The research team will perform a randomized clinical trial with a cross-over design. Patients
with heart failure with reduced ejection fraction (HFrEF) will be randomized to the SGLT2
inhibitor Ertuglifozin or to placebo. Skin punch biopsy will be performed before treatment
and after treatment (one month) to evaluate skin content of water and sodium. At each time
point, an oral salt challenge will be performed to investigate the functionality of the GAG
network, and whether Ertugliflozin mitigates the degree of tissue and vascular congestion
after this oral salt challenge as compared with placebo.
The overall hypothesis is that treatment with the SGLT2 inhibitor Ertugliflozin induces a
differential regulation in interstitial fluid vs plasma volume, with more reduction of the
volume from the interstitial fluid than from the circulating plasma volume, which results in
Ertugliflozin inducing more potent congestion relief with minimal impact on blood volume and
organ perfusion. Ertugliflozin reduces the levels of sodium and water from the skin and the
interstitial tissue (which improves tissue congestion).
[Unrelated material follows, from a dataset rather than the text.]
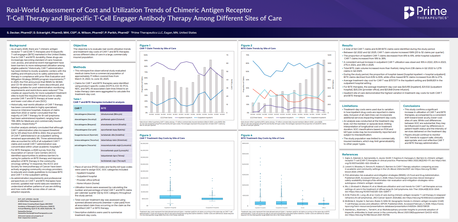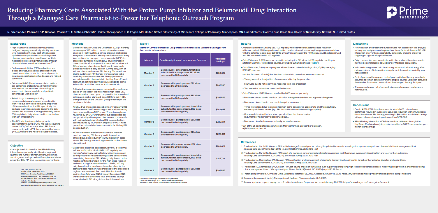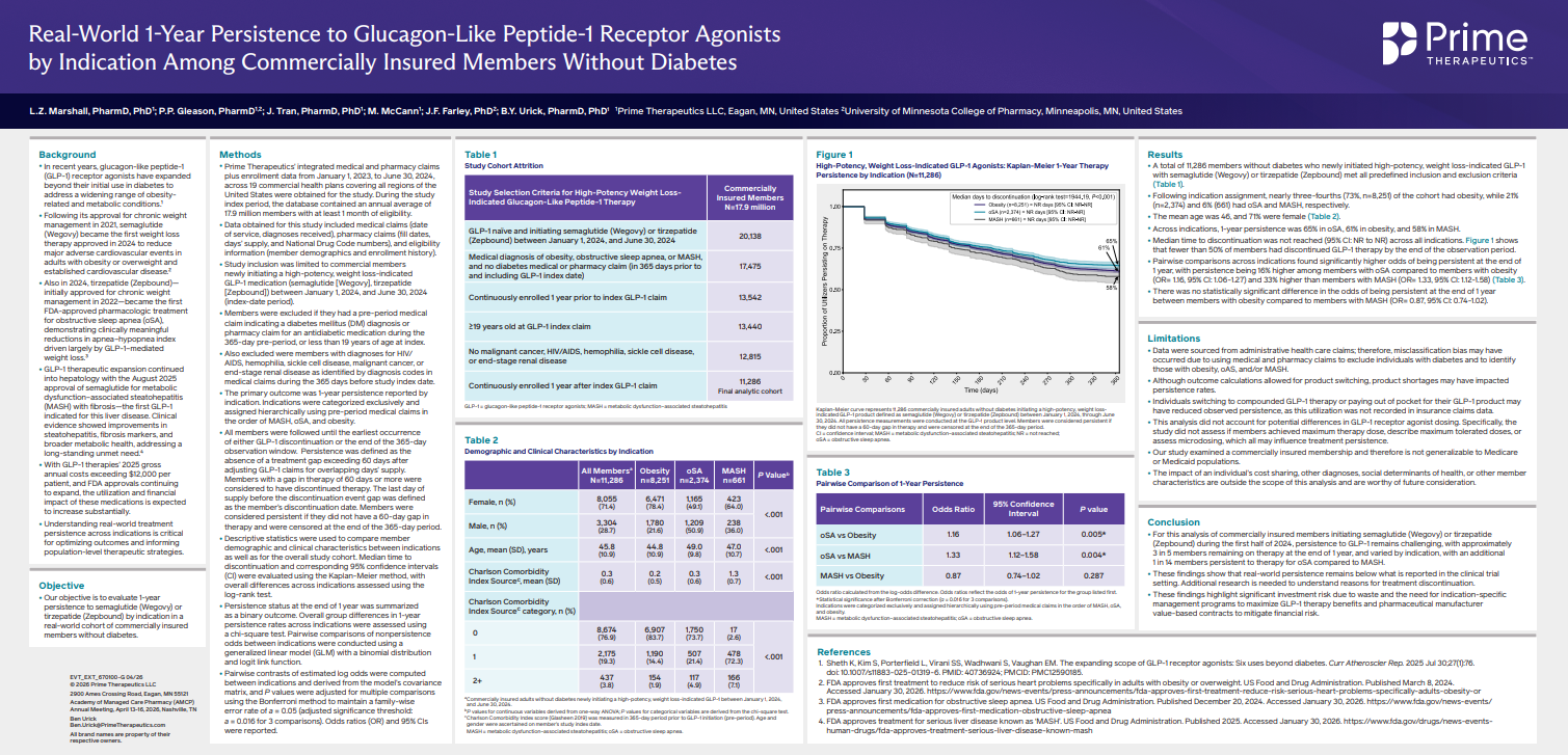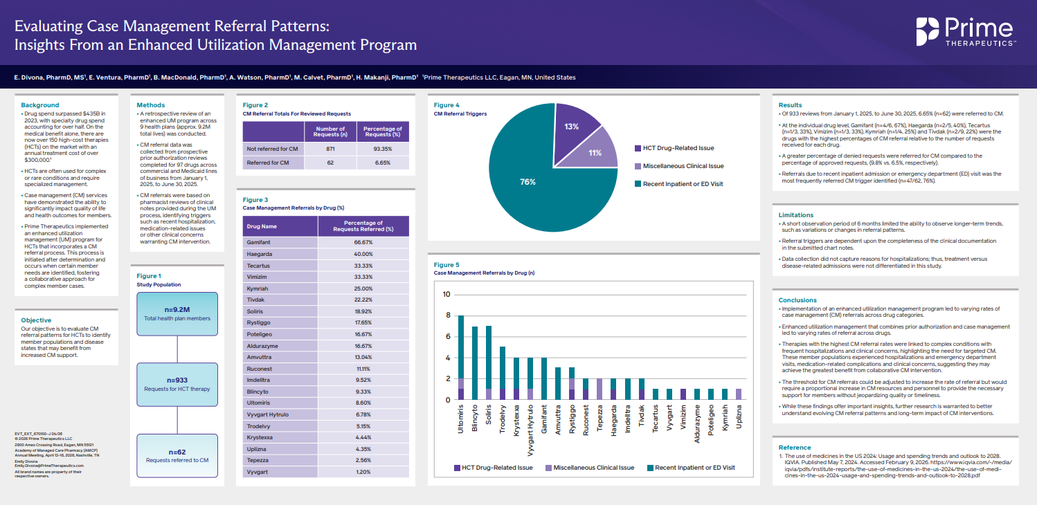 At Prime Therapeutics (Prime), clinical and health outcomes research is foundational to how the organization provides stronger clinical judgement to health care payers. By evaluating real-world evidence on how therapies are used, where gaps exist and which patients benefit most from additional support, Prime translates its expertise into smarter clinical strategies and less patient navigation friction. This evidence-based approach helps clients make informed decisions, strengthens program design across complex conditions and reinforces Prime’s position as a trusted partner committed to improving access, affordability and health outcomes by guiding patients through the moments in care where clinical insight and care support matter most.
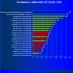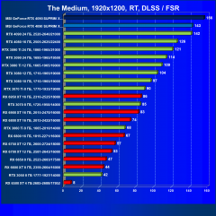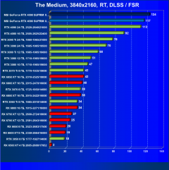 Рейтинг составлен по 9 тестам, в которых используется технология трассировки лучей и одновременно технология Nvidia DLSS или AMD FSR. Этот рейтинг нормирован по самому слабому ускорителю в данной группе — Radeon RX 6500 XT (то есть сочетание скорости и функций Radeon RX 6500 XT приняты за 100%).

This overarching hypothesis causes:
in the baseline situation, chronic treatment with Ertugliflozin:
1.1. will reduce skin/tissue congestion as demonstrated by lower skin water content and
lower volume of interstitial-extracellular fluid
1.2. will reduce skin sodium content due to a mobilization of sodium from the
subcutaneous glucosaminoglycan (GAG) network
1.3. will create a differential regulation of interstitial vs plasmatic volume, with
ertugliflozin decreasing tissue congestion (B-lines and dielectric resistance in lungs)
better than placebo
1.4. will only cause a mild reduction in plasma volume with no neurohormonal activation
1.5. will ameliorate GAG structure: higher GAG levels, higher sulfated (functional) GAG,
less expression of enzymes degrading GAG, less GAG degradation products in plasma
after an oral salt challenge (sodium overload), previous chronic treatment with
Ertugliflozin:
2.1. will improve the sodium buffering capacity of the skin GAG network, meaning
ertugliflozin will enhance non-osmotic sodium storage in the skin without causing tissue
congestion (edema) or vascular congestion (increase in plasma volume and filling pressures).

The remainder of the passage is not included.